If you’re exploring how a home refinance could affect your monthly payments, check out our refinance calculator.
How to Calculate Mortgage Payments
To use the custom mortgage calculator, start by inputting all of your loan information. This can be real information from an existing mortgage or hypothetical values that you’re experimenting with. You can also add information about prepayments if you plan to make those.
If you’re unsure about a term, click the question marks in each row for more information. There’s also full descriptions for each term below the calculator.
With all your information added, the calculator will display your estimated monthly payment amount. It will also generate graphs to show principal and interest breakdowns, as well as principal balance over the loan term.
By clicking “View Report” at the top of the calculator, you can see a more detailed layout of all the facts and figures, additional summaries, payment schedules and printing options.
Principal vs. Interest Payments
If you’ve never taken out a home loan before, the differences between principal and interest payments may be new to you.
The principal is the original amount of money borrowed from a lender to buy a home, excluding interest. Payments towards the principal directly reduce the outstanding balance of the loan. As the principal balance decreases over time, you build equity in your property, which is the difference between the property’s value and what you owe on the mortgage.
On the other hand, interest is the cost of borrowing money, calculated as a percentage of the principal balance of the loan. Interest payments do not reduce the principal balance; instead, they are the lender’s charge for lending you the money.
Fixed-rate mortgages are often structured so that the total monthly payment remains constant over the life of the loan, but the amount of principal and interest payments shift over time.
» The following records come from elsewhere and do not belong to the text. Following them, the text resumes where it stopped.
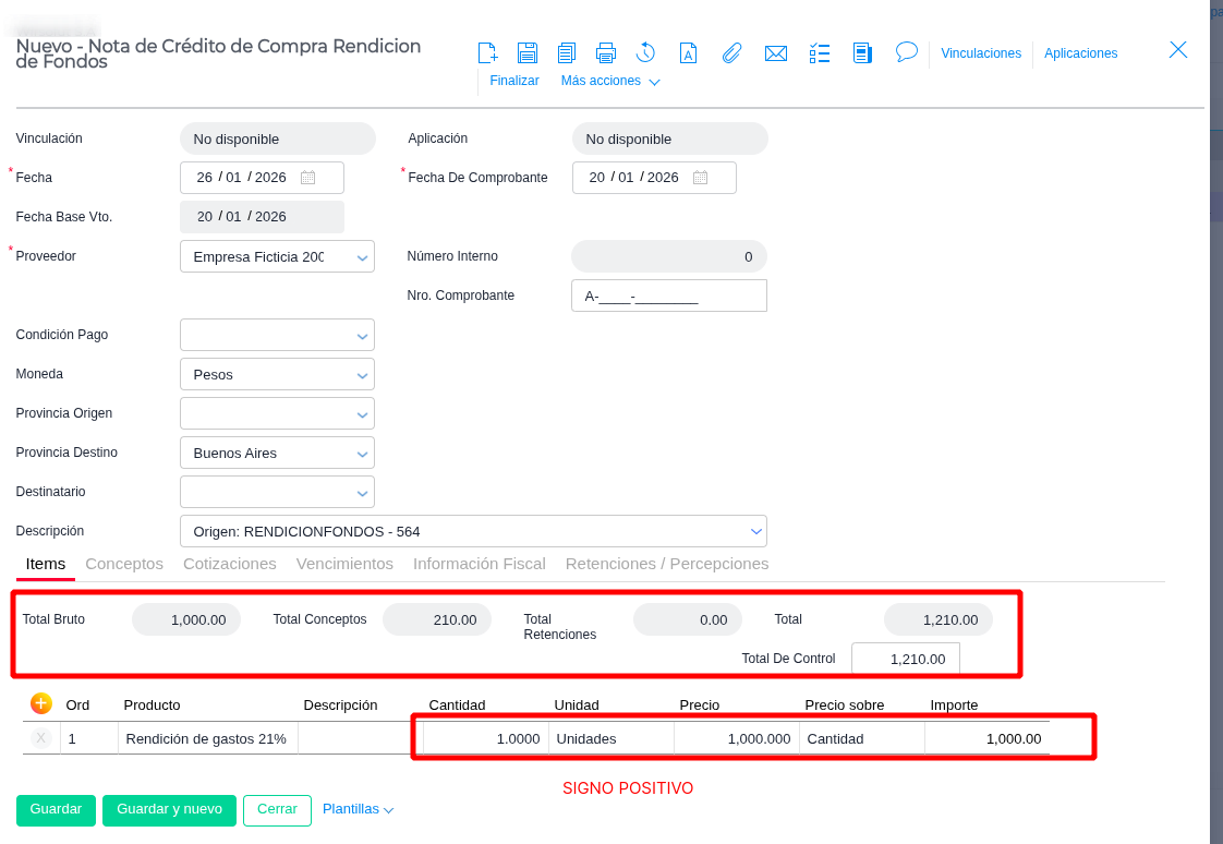 Importante: En este apartado, el precio y el importe deben quedar con signo positivo, ya que el documento ya está configurado con signo negativo. Si se le coloca los datos con signo negativo, quedará cargado todo con signo positivo, lo cual va a generar inconsistencias en los diferentes informes.
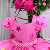 Confeccionado em tecido misto possui forro em poliéster e algodão para não incomodar a criança e proporcionando um caimento incrível e sofisticado, possui comprimento médio,sem mangas,possui elástico nas costas para melhor ajuste, alças de amarrar completa o look dos sonhos!
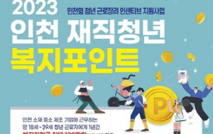 인천광역시는 인천 재직청년들의 삶의 질 향상 및 근속 유도를 위한 '인천 재직청년 복지포인트' 사업 참여자를 오는 5월 31일까지 선착순 모집한다고 밝혔다. 인천형 청년 근로장려 인센티브의 일환인 이번 사업은 조기 퇴사의 주원인인 복리후생 불만 요인 해소해 장기근속
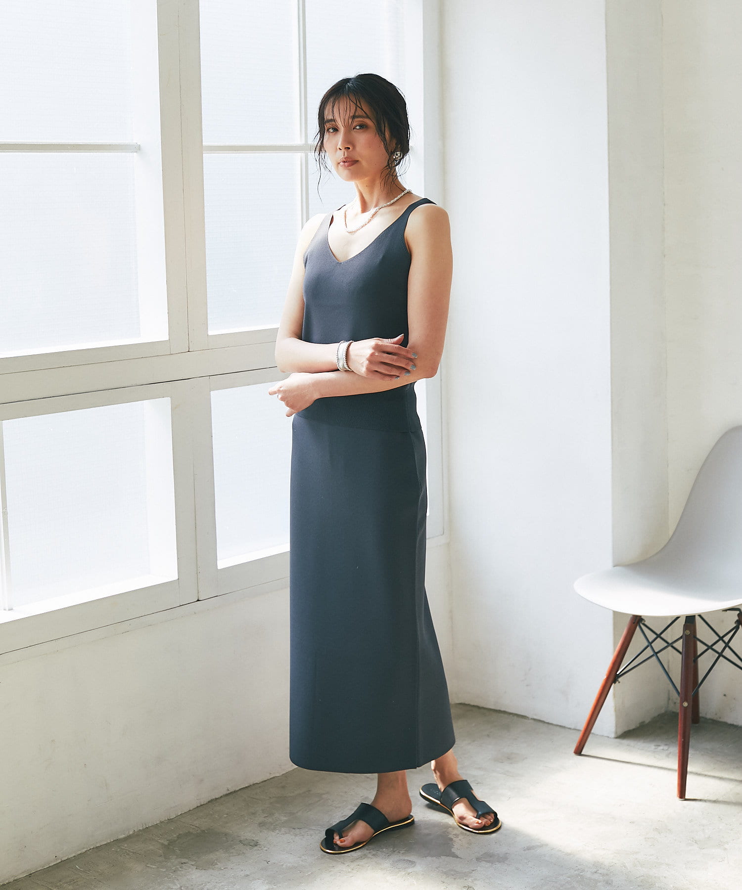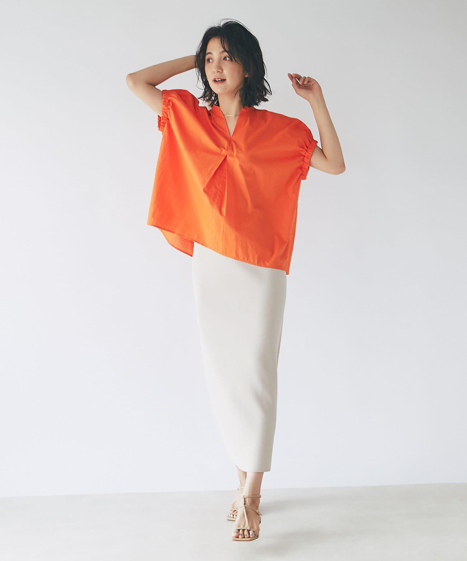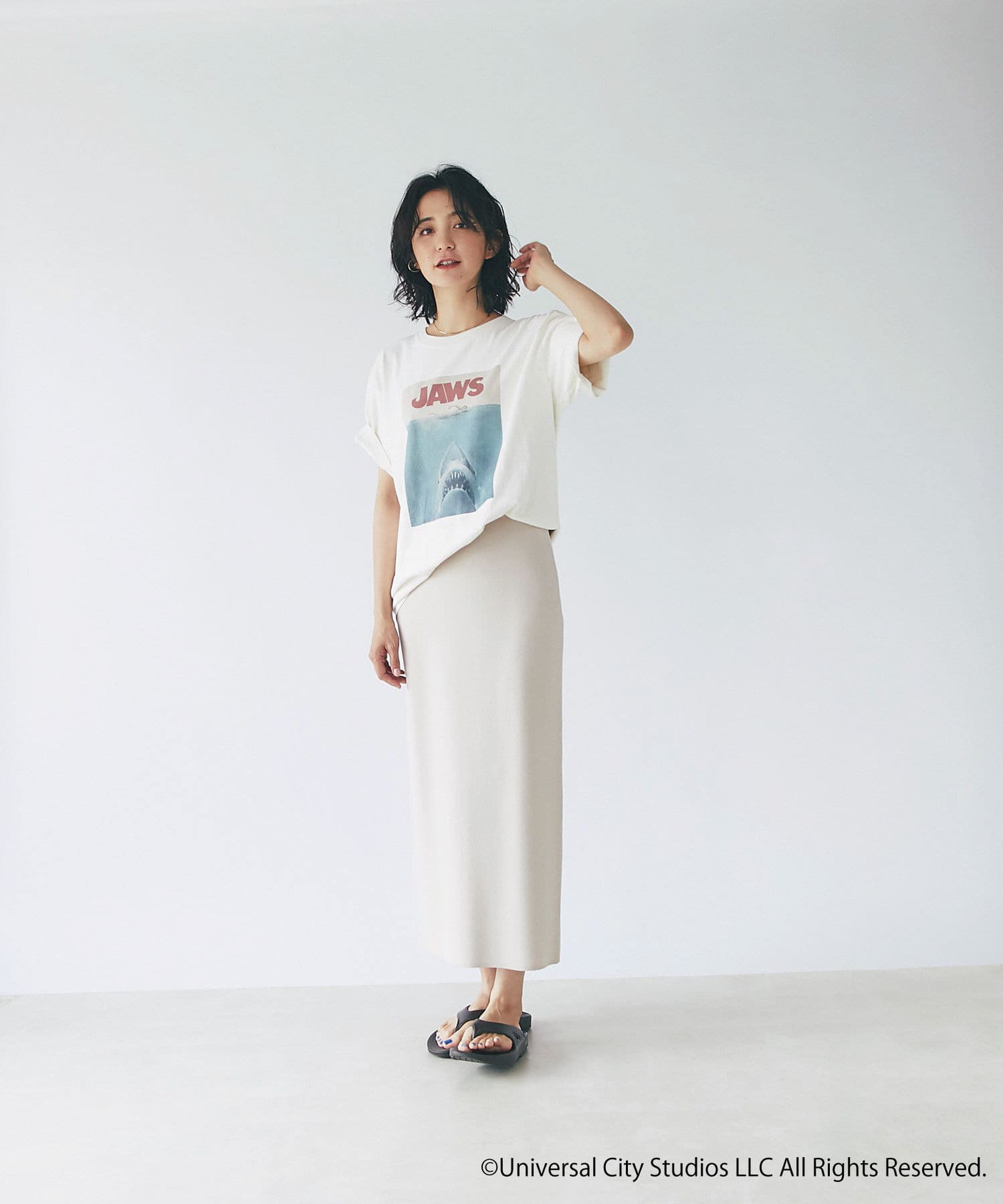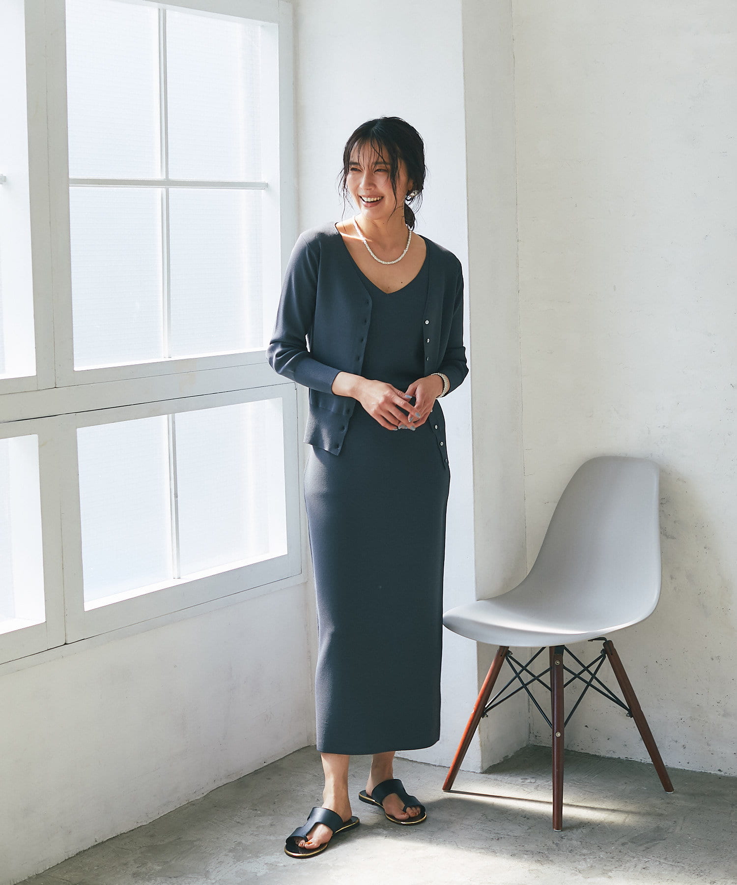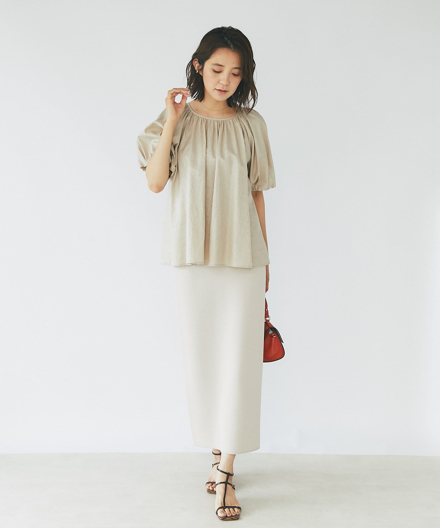 フラットな編地なのでリブスカートよりもキレイめな印象で着用いただけます。
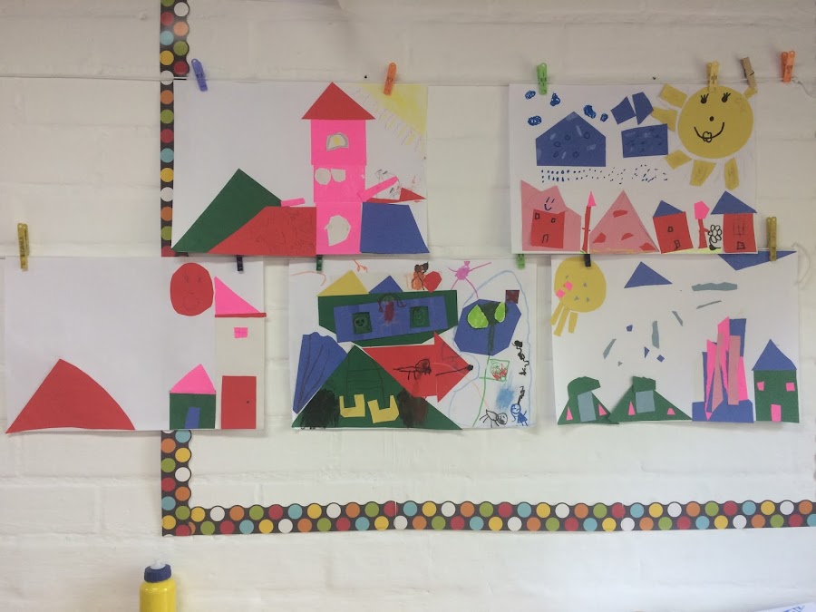 En la siguiente actividad les entregué diferentes figuras y les pedí que realizaran un paisaje con ellas. Esta fue una de mis actividades favoritas.
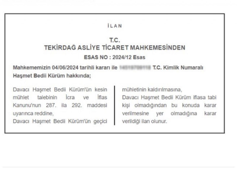 En büyük 500 sanayi şirketi listesinde yer alan Kürüm Demir'in kurucusu Beşiktaş'ın eski yöneticilerinden olan Haşmet Bedii Kürüm, Tekirdağ Asliye Ticaret Mahkemesi’nden 19 Mart’ta 3 ay süreyle geçici mühlet aldı. Mahkeme kararında, ‘’Konkordatonun başarıya ulaşmasının mümkün olup olmadığının incelenmesi, başka bir deyişle davacının mali durumunun düzelmesinin mümkün olup olmadığı veya konkordato teklifinin tasdik şartlarının yerine gelip gelemeyeceğinin tespiti amacıyla alacaklı sayısı ve alacak miktarı dikkate alınarak mahkememizce resen seçilen Özkan Yılmaz (Bağımsız Denetçi), Aslı Güvenilir (Serbest Muhasebeci), Koray Çevik (avukat)’in geçici komiser olarak atanmasına karar verilmiştir’’ denildi. Geçici Komiser olarak atanan uzmanların yaptıkları incelemeden sonra 4 Haziran 2024 tarihinde yapılan duruşmada ‘’Geçici mühlet’ kararı kaldırıldı. Alınan kararda şu ifadelere yer verildi; ‘’Davacı Haşmet Bedii Kürüm‘ün kesin mühlet talebinin İcra ve İflas Kanunu'nun 287. ila 292. maddesi uyarınca reddine, Davacı Haşmet Bedii Kürüm‘ün geçici mühletinin kaldırılmasına, Davacı Haşmet Bedii Kürüm iflasa tabi kişi olmadığından bu konuda karar verilmesine yer olmadığına karar verildiği ilan olunur.’’
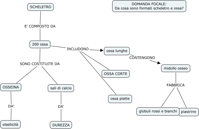 SCHELETRO2 mapppa concettuale giacomoc, sali di calcio DA' DUREZZA, 200 ossa INCLUDONO OSSA CORTE, SCHELETRO E' COMPOSTO DA 200 ossa, OSSEINA DA' elasticità, midollo osseo FABBRICA globuli rossi e bianchi, ossa lunghe CONTENGONO midollo osseo, 200 ossa SONO COSTITUITE DA sali di calcio, 200 ossa INCLUDONO ossa piatte, 200 ossa INCLUDONO ossa lunghe, midollo osseo FABBRICA piastrine
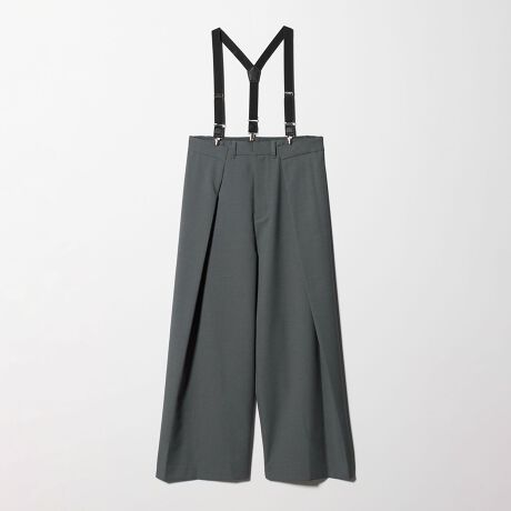 サスペンダーがついたマニッシュなワイドパンツ。
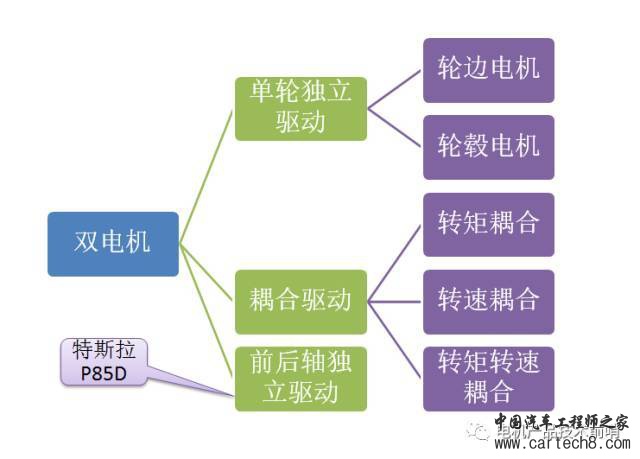 在《双电机去驱动家族探秘》这篇文章中, 主要介绍了一种叫“双电机耦合驱动的”系统,它只不过是家族的一员。双电机完整的家族谱系,如下图所示:
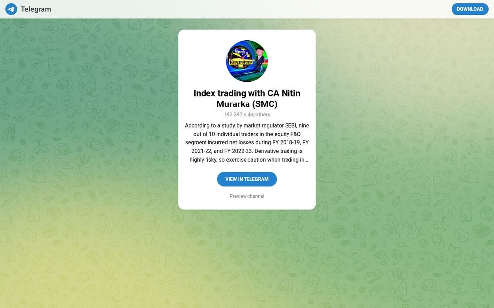 Index trading 是由 CA Nitin Murarka(SMC)在 Telegram 上运营的专业频道,面向关注股指期货与期权(F&O)市场的交易者与投资者。频道汇集市场观点、交易思路、实战提示与教育性内容,旨在为关注衍生品交易的人群提供信息参考与风险提醒。页面同时引用 SEBI 的研究数据,强调衍生品交易存在较高亏损风险,提醒用户谨慎决策并重视风险管理。
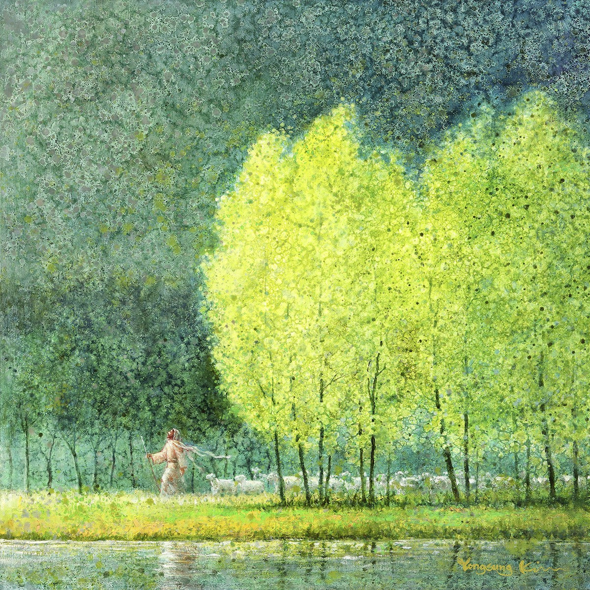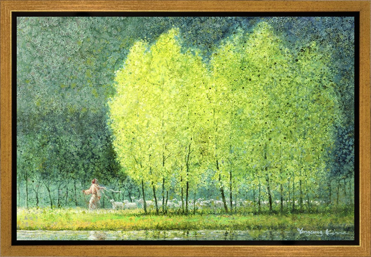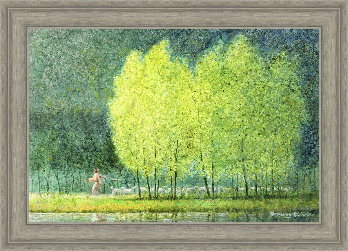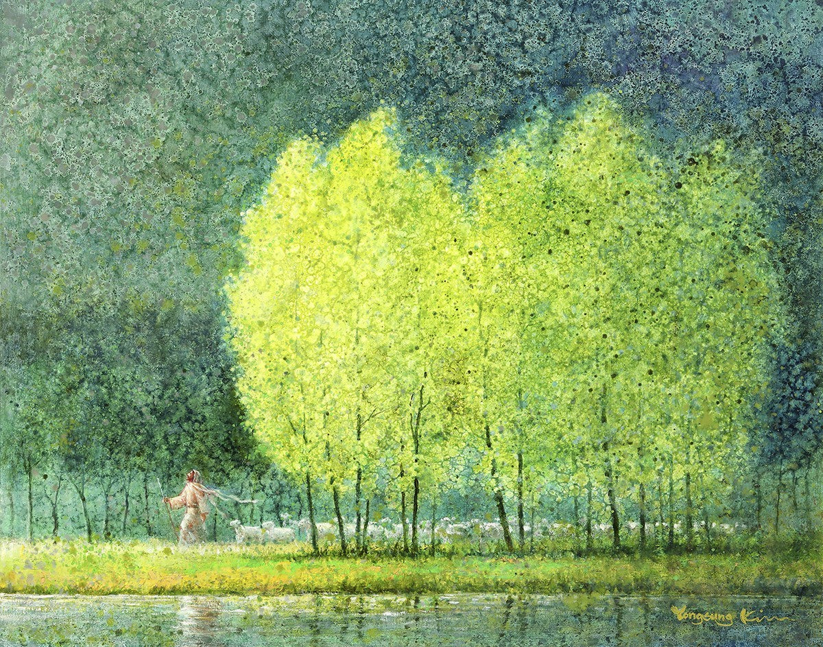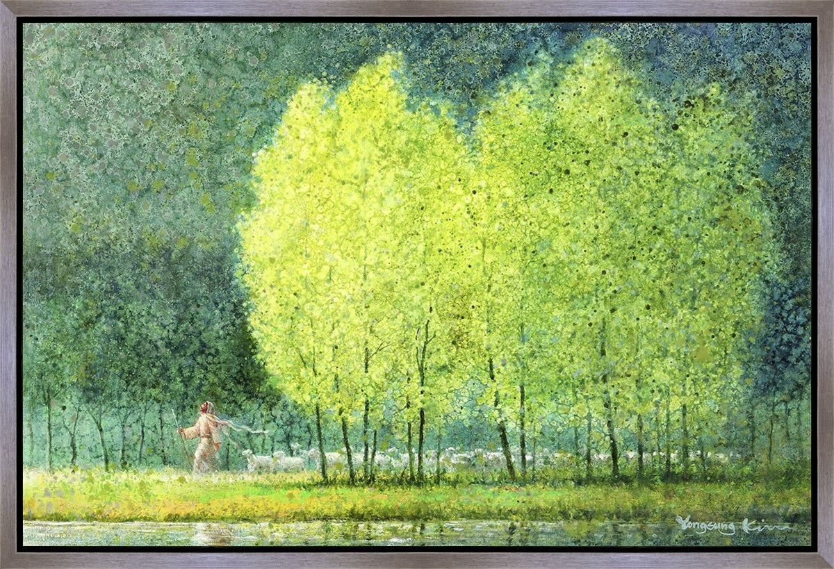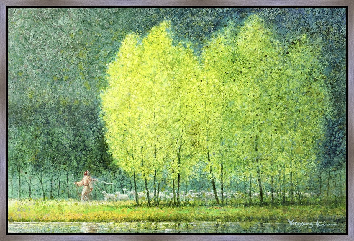 Painting of Follow In His Footsteps by Yongsung Kim featuring Jesus Christ guiding his flock of sheep through a grove of greens and blues
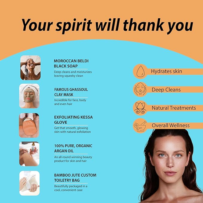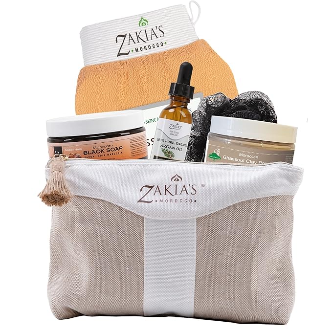 Zakia's Morocco Moroccan Hammam Spa Rejuvinating Ritual Beauty Skincare Kit - Four steps, Six Piece Set for purifying, toning, cleansing, and exfoliating for every skin type_AMBER MUSK
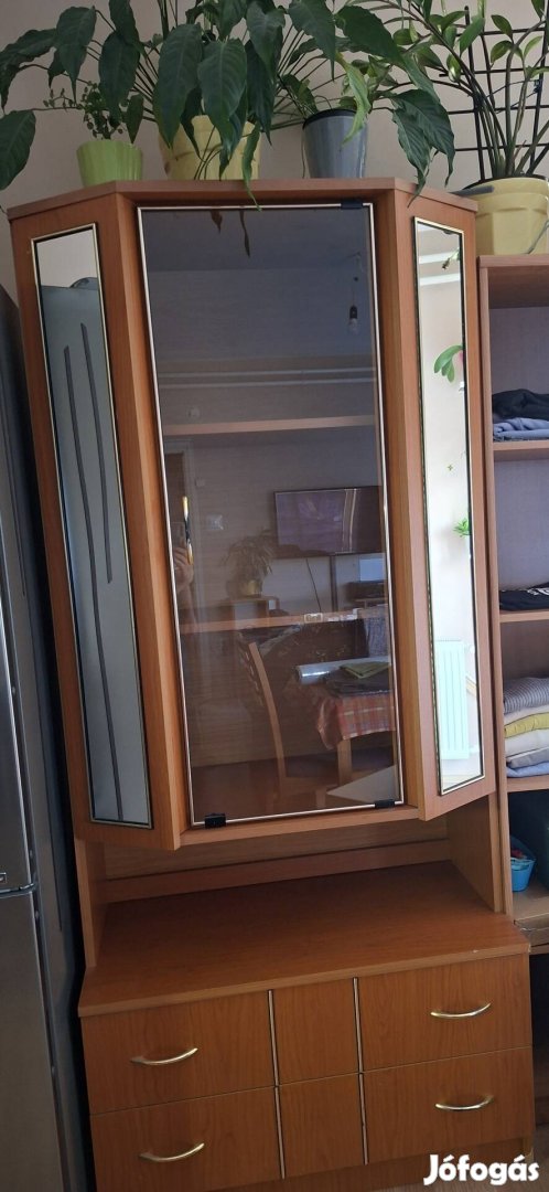 Cseresznye színű vitrines,fiókos szekrény (üres állapotban)
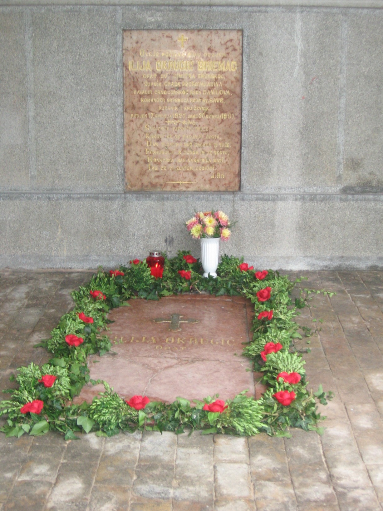 Grobna ploča Ilije Okrugića pokraj crkve na Tekijama u Petrovaradinu, snimio Petar Pifat
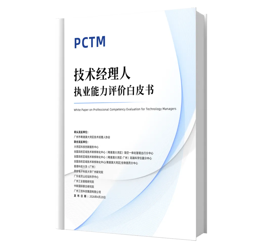 《技术经理人执业能力评价白皮书》由广州市粤港澳大湾区技术经理人协会牵头发起,联合大湾区科技创新服务中心、全国高校区域技术转移转化中心(粤港澳大湾区)陆空一体化智能出行分中心、全国高校区域技术转移转化中心(粤港澳大湾区·广州)高端科学仪器分中心、全国高校区域技术转移转化中心(粤港澳大湾区)生物医药分中心、香港科技大学(广州)、西安电子科技大学广州研究院、广东省灵山论坛科学中心、广州工业智能研究院、中新国际联合研究院、广州工控科创集团有限公司共同发起。

In the early years of the loan, a larger portion of each payment goes toward interest. As your lender makes a return on the loan, the interest expense goes down, and more of each payment goes towards reducing the principal.
By using the custom mortgage calculator, you can see a breakdown of how your overall debt will be split between primary and interest, as well as how much primary you will have left year by year.
Mortgage prepayment refers to the act of paying off a mortgage loan before its due date. This can be done either by paying off the entire balance at once or by making extra payments in addition to the regular monthly payments.
Prepaying a mortgage can reduce the amount of interest paid over the life of the loan, as it decreases the principal balance faster than scheduled, thereby reducing the interest calculated on the remaining principal.
Be aware some mortgages may have prepayment penalties, which are fees charged by the lender for paying off the loan early. It’s important to understand the terms of your mortgage agreement before making extra payments.
The custom mortgage calculator allows you to visualize how mortgage prepayments will affect your interest debt. Input prepayment frequency and the amount you’ll pay, and the calculator will tell you how much you stand to save in interest. It will also compare your debt on the normal payment schedule to your debt with prepayments over the course of your loan term.